Maharashtra Agricultural land s Ceiling on Holding Act, 1961
The basic objective of fixation of ceiling on landholdings is to acquire land above a certain level from the present landholders for its distribution among the landless. It is primarily a redistributive measure based on the principle of socio-economic justice.
This act is restricting the size of holdings which a person or family can own. Acquisition of land in excess of the ceiling is prohibited. Land rendered surplus to the ceiling is taken over by the state and distributed among the weaker sections of the community.
Any person or family cannot hold land in excess of ceiling area fixed on 26th September1961. Person or family can not transfer surplus land until the land in excess of the ceiling area is determined under the act.(Section 8 ) A person possessing land in excess of ceiling area can not acquire land by transfer. (Section 9)
The land held by individual or the family of the Maharashtra State or the part of India is to be taken into consideration while calculating the ceiling area.
For fixing ceiling areas lands have been classified in five classes as detailed below
Class Of Land
Land with assured supply of water for irrigation and capable of yielding at least two crops in a year
Land which has assured supply of water for only one crop.
Land which has un-assured supply of water for only one crop.
Dry Land situated in Mumbai Sub Urban District and Districts of Thana, Raigad, Ratanagiri, Sindhdurg, Bhandara, Gadchiroli, Sironcha talukas of Chandrapur District which is under paddy cultivation for continuous period of three years.
Dry Crop Lands other than all above lands.
The Maharashtra Co-op Act, 1960
While taking loan from co-operative society member is furnishing undertaking to the society that he is mortgaging his own agricultural land against the said loan amount. Under section 48, a charge on land continues until the whole debt, due to the society is satisfied.
Transfer of Property Act, 1882
Section 52 of the Transfer of Property Act provides that during the pendency of any litigation affecting the immovable property it can not be transferred or otherwise dealt with by any party to the suit so as to affect the rights of the other party under any decree or order which may be made therein.
Registration Act, 1908
Section 17 of the Registration Act, 1908 lays down different categories of documents for which registration is compulsory. The documents relating to the following transactions of immovable properties are required to be compulsorily registered; Instruments of gift of *immovable property
Lease of immovable property from year to year or for any term exceeding one year or reserving a yearly rent.
Instruments which create or extinguish any right or title to or in an immovable property of a value of more than one hundred rupees.

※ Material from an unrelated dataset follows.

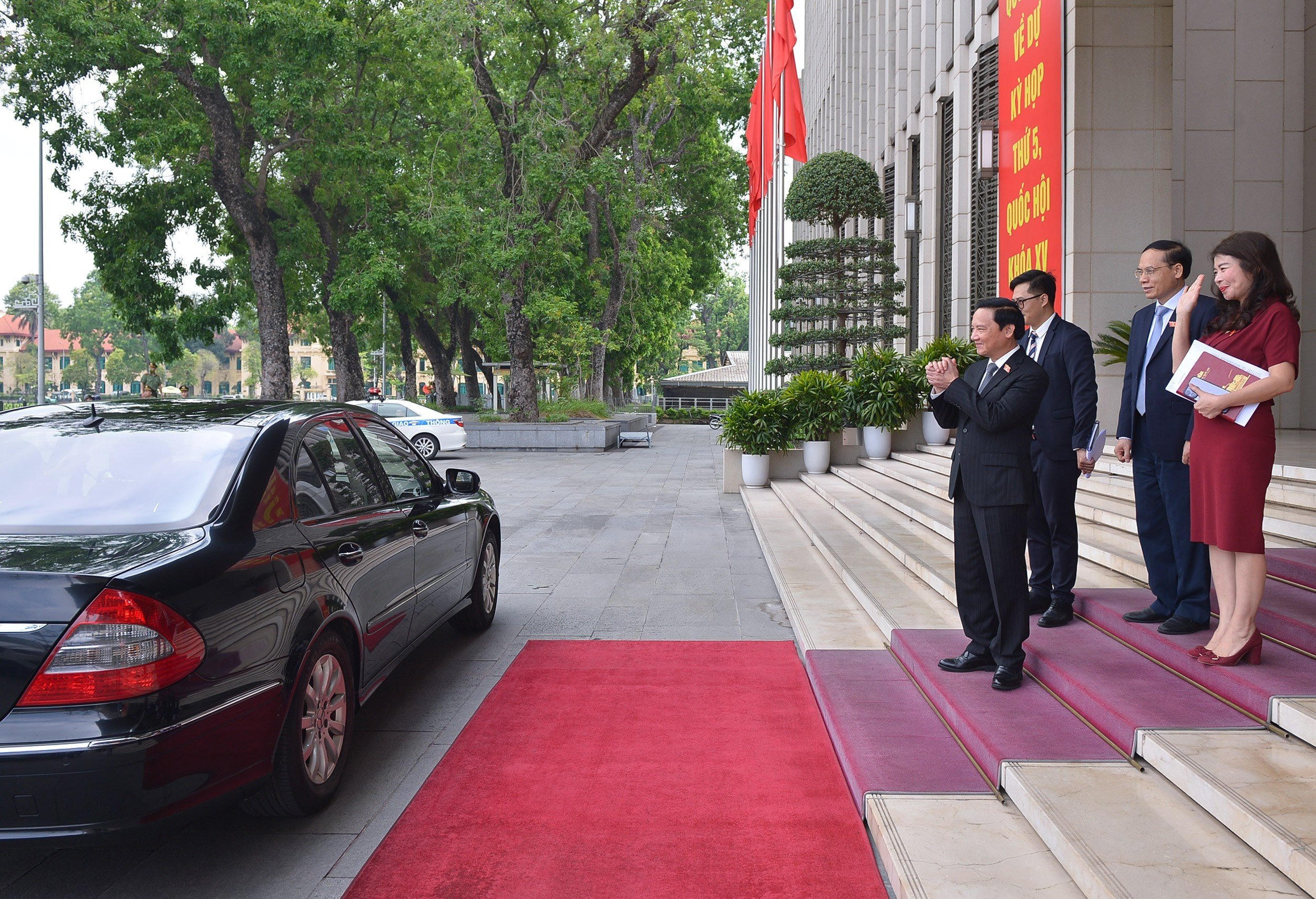 Phó Chủ tịch Quốc hội Nguyễn Khắc Định và các đại biểu tiễn Bộ trưởng Bộ Tư pháp Cuba Oscar Manuel Slivera Martinez rời Nhà Quốc hội.
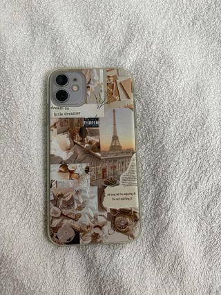 Funda para iPhone 11 con un diseño collage inspirado en París. - Estampado con imágenes de la Torre Eiffel y elementos vintage. - Diseño dream on little dreamer y I'm not quitting it. - Incluye un sello Parental Advisory como detalle gráfico.

“Immovable property includes: “Land, buildings, hereditary allowances, rights to ways, lights, fisheries or any other benefit to arise out of land, and things attached to the earth, or permanently fastened to any thing which is attached to the earth, but not standing timber, growing crops nor grass.”
Under section 49 of the above act, if the registration of the above transactions are not made the transactions are to be treated as a null and void.
Wakf is a permanent dedication of movable or immovable properties for religious, pious or charitable purposes as recognized by Muslim Law. No transfer of immovable of a wakf , by way of sale or mortgage, exchange or lease for period of exceeding three years is validly allowed without previous sanctioned of the Wakf Board.
These lands attract the provisions of the charitable Trust Acts. The trusties are competent to dispose of the trust property exercising the powers vested in them by the Trust Deed.